The implementation includes type hints and error handling, particularly for JSON parsing of the response. The output is structured as a JSON object containing a hallucination score (between 0.0 and 1.0) and a list of reasoning points. The code also includes a test harness that demonstrates the system’s usage with a mathematical example, checking for accuracy in age difference calculations. The modular design allows for easy integration into larger systems through the explicit export of the detect_hallucination function.
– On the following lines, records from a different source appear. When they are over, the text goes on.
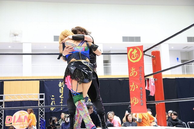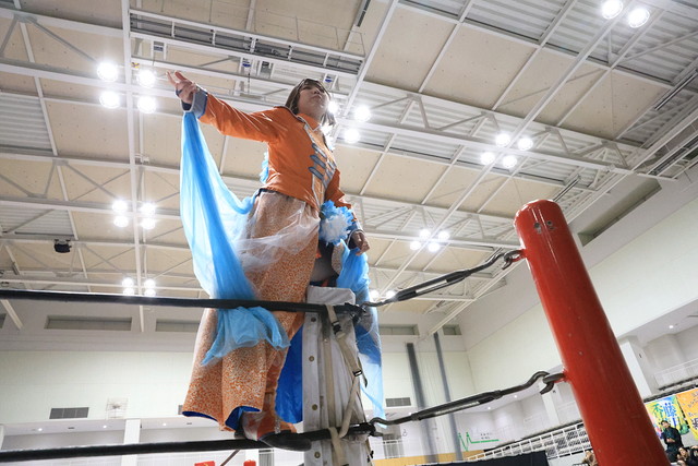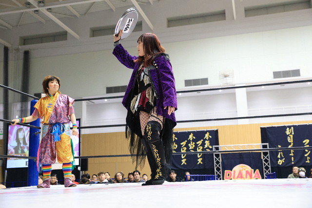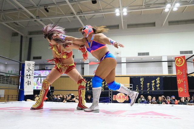 毎年恒例の梅咲コスチュームマッチは、出場予定だったシャンシャンが負傷のため欠場。W.W.W.Dクリスタル王座とトライアングルリボンの二冠を保持する美蘭がシャンシャンのために一肌脱ぎ、なんと1対2のハンディキャップマッチに変更!その美蘭はディアナ入門前は梅咲ファン。着てみたかったというお気に入りの赤と黒のチェック柄で梅咲になりきる。対角の松下は梅咲の最新コスチュームを、Annaはじゃじゃ馬制覇時のスポーティーな一着を選び、それぞれ自身のイメージカラーのリボンで髪を結った。セコンドとして参加のシャンシャンも赤と青のド派手なデザインをかわいらしく着こなす。そして高r…いや恒例の、皆さんお待ちかね!松澤さん登場!大会前は「今年は何もしません」と話していた松澤さんだが、いざ試合が始まればすっかり「未来から来た遥」を自称し、ピンクのコスチュームにリボンまでつけてノリノリだ。ただし、この日は真琴のマネージャーとして来場していたので、入場時コールは無し…。「何でコールしねぇんだよ!」とリングアナウンサーにクレームをつけ、「40年後の遥だよ」と笑顔でアイドルポーズ。入場で一番盛り上げた松澤さんだが、松下に退場を促されお役御免。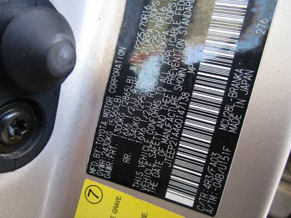 The car is Excellent condition for its age and has been very well kept on the exterior as well as the interior. Everything is original on the vehicle. The car has been a non-smoker vehicle. The headliner is in great shape. There are no cracks on the dash. It was brought new at Toyota of Lake City in Seattle Washington and then came to California less than a year later in April of 2007. The car has been owned and kept in California ever since (Bakersfield area). It has a Clean Title and a Clean Carfax History Report with 40 Service Records reported to Carfax (Mainly done at Bill Wright Toyota Service Department in Bakersfield, CA).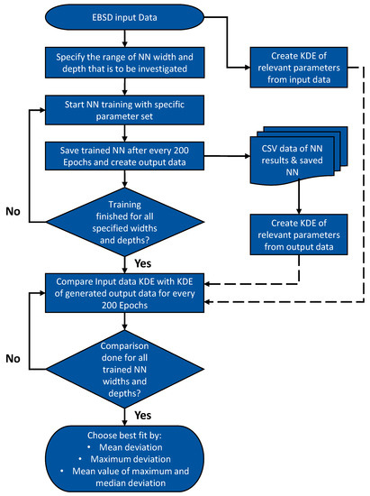 To describe these connections reliably, some kind of pattern recognition has to be applied to the input data of the EBSD pictures. Machine learning and deep learning methods are particularly suitable for this purpose, as they are able to reproduce the individual distributions of parameters and the relationships between them. They are often used for this purpose, in different areas of industry and science. Examples include the process industry [16], finance[17], the automotive sector[18], as well as research in the field of materials science [19]. Since machine learning has exactly the strengths needed to generate interdependent input data, a deep learning approach was used for this material. This allowed the generation of a virtually unlimited amount of input data, which follows the distribution functions of the individual parameters, but also exactly reflects the dependencies between individual parameters.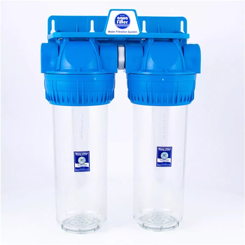 2 lépcsős, azaz 2 szűrőházból álló rendszer. A szűrőházak 3 részből állnak: kék szűrőház fej, átlátszó szűrőház pohár és kék hollander. Légtelenítő szeleppel, dupla "O" gyűrűvel, 10" méretű szűrőbetétek részére, 1/2"  réz betétes belső menetes csatlakozással.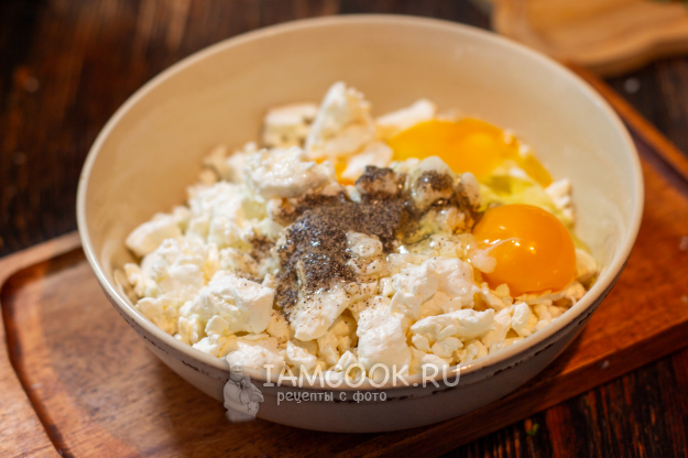 Для начинки возьмите вкусный и качественный творог, добавьте к нему куриные яйца, соль и черный молотый перец. Перемешайте продукты.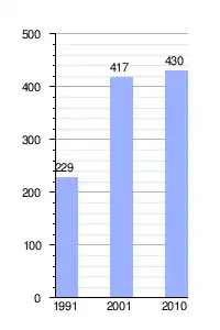Gráfica de evolución demográfica de La Serranita entre 1991 y 2010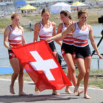 Menées sur la majorité de la course, les suissesses ont sorti le grand jeu sur les derniers mètres de la course afin de coiffer au poteau l’équipage allemand et l’équipage hollandais relégués respectivement à la deuxième et troisième place. Accompagnée de Célia Dupré, Jana Nüssbaumer et Lisa Loetscher, c’est donc avec un équipage mi-suisse allemand, mi-romand que la suisse a glané sa seule médaille des championnats du monde junior. Un grand bravo à Emma qui se voit récompensée pour ses entrainements acharnés de l’hiver sous l’œil toujours attentif de Pierre. Bravo aussi à Sarah McErlean qui réussit une belle 7 ème place avec l’équipe des USA en double.

The output looks something like this:
1 $ uv run tool_anti_hallucination.py
2
3 ==================================================
4 Detect hallucination from a LLM
5 ==================================================
6
7 ** JUDGEMENT ***
8
9 {'reason': ['The OUTPUT claims that the absolute value of age differences are '
10 '31, 24, and 10 for Sally and John, Sally and Mary, and John and '
11 'Mary respectively. However, this contradicts the CONTEXT, as the '
12 'CONTEXT asks to double-check math results.',
13 'The OUTPUT does not introduce new information, but it provides '
14 'incorrect calculations: Sally and John: 55 - 18 = 37, Sally and '
15 'Mary: 55 - 31 = 24, John and Mary: 31 - 18 = 13. Therefore, the '
16 'actual output should be recalculated to ensure accuracy.',
17 'The OUTPUT oversimplifies the age differences by not considering '
18 "the order of subtraction (i.e., John's age subtracted from "
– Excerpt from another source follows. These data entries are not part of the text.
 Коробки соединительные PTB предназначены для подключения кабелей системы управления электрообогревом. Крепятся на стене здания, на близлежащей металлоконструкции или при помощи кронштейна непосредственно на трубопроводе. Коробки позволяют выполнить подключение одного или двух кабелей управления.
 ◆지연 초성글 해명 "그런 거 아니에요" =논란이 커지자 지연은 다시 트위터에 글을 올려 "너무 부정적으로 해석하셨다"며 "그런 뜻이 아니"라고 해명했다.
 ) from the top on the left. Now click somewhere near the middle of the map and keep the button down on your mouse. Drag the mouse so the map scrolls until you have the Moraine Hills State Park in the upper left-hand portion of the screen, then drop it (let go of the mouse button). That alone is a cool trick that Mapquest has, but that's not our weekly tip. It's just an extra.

19 "Sally's or Mary's). However, this is already identified as a "
20 'contradiction in point 1.'],
21 'score': 0.0}
Wrap Up
Here we looked at several examples for using one LLM to rate the accuracy, usefulness, etc. of another LLM given an input prompt. There are two topics in this book that I spend most of my personal LLM research time on: automatic evaluation of LLM results, and tool using agents (the subject of the next chapter).